* **Work request**
Among the entries below, find the lines with the word "from" and return them.
----- Raw data -----
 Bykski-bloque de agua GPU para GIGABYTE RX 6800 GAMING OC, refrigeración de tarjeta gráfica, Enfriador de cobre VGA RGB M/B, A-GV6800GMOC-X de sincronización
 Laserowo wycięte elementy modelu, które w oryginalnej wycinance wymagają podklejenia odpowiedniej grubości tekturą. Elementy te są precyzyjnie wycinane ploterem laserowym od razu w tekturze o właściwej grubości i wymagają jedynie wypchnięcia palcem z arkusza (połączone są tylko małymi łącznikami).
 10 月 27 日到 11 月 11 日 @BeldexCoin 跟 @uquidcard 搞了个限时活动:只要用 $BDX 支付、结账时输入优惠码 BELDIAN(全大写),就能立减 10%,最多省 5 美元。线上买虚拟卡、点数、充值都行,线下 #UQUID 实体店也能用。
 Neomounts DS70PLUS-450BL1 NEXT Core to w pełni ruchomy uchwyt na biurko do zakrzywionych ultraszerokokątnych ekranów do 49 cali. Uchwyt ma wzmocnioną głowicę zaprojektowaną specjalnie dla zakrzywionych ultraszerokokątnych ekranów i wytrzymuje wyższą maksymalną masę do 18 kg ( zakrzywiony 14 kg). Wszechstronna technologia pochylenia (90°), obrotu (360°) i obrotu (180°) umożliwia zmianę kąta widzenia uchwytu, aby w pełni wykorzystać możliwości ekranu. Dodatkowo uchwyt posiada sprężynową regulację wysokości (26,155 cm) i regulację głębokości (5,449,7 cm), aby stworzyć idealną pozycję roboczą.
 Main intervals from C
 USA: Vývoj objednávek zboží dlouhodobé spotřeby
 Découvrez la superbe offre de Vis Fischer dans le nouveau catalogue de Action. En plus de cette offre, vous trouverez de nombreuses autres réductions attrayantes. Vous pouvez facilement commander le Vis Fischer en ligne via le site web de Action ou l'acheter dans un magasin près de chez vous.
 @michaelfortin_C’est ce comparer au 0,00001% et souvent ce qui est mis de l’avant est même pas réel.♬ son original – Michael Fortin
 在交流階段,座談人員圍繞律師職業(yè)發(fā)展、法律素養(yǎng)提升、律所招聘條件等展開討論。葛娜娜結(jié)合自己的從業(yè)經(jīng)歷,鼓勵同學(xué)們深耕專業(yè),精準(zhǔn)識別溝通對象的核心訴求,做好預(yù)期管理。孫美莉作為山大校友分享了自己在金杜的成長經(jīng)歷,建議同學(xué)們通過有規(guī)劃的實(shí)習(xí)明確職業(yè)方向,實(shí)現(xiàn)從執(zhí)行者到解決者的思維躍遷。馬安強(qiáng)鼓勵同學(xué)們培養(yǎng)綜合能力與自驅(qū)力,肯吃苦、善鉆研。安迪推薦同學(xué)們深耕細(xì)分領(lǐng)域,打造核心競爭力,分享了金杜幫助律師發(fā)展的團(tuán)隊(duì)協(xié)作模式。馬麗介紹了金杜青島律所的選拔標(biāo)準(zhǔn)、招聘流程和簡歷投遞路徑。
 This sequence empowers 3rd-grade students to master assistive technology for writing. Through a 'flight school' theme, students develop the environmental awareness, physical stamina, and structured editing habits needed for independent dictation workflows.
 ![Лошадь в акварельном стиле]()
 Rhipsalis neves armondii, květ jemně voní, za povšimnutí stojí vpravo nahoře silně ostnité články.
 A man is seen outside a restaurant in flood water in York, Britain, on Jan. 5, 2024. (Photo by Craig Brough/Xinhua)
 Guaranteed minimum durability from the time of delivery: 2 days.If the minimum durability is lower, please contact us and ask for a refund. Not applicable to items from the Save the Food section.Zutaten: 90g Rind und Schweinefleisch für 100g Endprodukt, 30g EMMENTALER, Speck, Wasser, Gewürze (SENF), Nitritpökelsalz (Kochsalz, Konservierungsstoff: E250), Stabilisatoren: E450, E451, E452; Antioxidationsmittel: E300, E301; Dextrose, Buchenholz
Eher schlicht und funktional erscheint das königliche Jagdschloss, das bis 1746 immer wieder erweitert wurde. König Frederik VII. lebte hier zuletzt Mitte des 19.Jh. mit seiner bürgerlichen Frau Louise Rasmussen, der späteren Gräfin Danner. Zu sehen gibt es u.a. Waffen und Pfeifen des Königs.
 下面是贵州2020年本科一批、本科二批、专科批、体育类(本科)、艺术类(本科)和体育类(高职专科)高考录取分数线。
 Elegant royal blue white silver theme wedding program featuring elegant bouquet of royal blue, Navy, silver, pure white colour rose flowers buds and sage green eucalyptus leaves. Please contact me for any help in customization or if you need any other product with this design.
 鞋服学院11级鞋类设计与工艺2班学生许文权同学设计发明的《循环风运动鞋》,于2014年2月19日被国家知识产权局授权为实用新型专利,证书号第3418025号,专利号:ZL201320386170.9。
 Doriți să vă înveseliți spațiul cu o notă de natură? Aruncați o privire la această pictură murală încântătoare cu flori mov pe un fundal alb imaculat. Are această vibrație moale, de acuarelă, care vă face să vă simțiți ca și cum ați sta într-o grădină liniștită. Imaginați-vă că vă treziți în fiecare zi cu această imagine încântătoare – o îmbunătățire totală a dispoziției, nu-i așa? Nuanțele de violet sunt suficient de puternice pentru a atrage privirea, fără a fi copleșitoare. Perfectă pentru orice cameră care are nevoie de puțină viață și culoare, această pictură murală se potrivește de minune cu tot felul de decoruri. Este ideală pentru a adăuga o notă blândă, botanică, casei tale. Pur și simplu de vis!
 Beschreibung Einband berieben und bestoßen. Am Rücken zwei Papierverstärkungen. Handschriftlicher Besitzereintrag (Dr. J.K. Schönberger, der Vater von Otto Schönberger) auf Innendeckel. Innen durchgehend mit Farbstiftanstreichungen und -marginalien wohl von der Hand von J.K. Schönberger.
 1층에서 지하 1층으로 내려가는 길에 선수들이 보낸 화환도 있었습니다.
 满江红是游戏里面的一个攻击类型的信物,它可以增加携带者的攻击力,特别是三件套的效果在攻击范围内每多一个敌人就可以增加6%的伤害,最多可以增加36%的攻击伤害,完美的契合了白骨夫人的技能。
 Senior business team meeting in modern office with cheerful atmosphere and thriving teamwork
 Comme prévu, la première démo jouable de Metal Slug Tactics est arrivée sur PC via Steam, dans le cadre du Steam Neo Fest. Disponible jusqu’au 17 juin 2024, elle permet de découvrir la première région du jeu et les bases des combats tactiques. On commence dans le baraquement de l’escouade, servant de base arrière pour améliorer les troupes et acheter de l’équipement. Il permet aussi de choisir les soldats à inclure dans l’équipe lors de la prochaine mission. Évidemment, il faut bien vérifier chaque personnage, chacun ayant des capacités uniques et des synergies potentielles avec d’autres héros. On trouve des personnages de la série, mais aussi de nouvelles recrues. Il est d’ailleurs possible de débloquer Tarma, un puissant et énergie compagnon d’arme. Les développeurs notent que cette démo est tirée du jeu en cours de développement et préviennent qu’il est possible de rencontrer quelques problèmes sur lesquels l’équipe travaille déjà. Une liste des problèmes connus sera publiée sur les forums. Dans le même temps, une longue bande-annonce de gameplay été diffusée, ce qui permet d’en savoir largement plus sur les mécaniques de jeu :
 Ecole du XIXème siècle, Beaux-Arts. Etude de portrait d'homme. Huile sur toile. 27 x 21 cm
-----
* **Worked solution**
 Main intervals from C
 Guaranteed minimum durability from the time of delivery: 2 days.If the minimum durability is lower, please contact us and ask for a refund. Not applicable to items from the Save the Food section.Zutaten: 90g Rind und Schweinefleisch für 100g Endprodukt, 30g EMMENTALER, Speck, Wasser, Gewürze (SENF), Nitritpökelsalz (Kochsalz, Konservierungsstoff: E250), Stabilisatoren: E450, E451, E452; Antioxidationsmittel: E300, E301; Dextrose, Buchenholz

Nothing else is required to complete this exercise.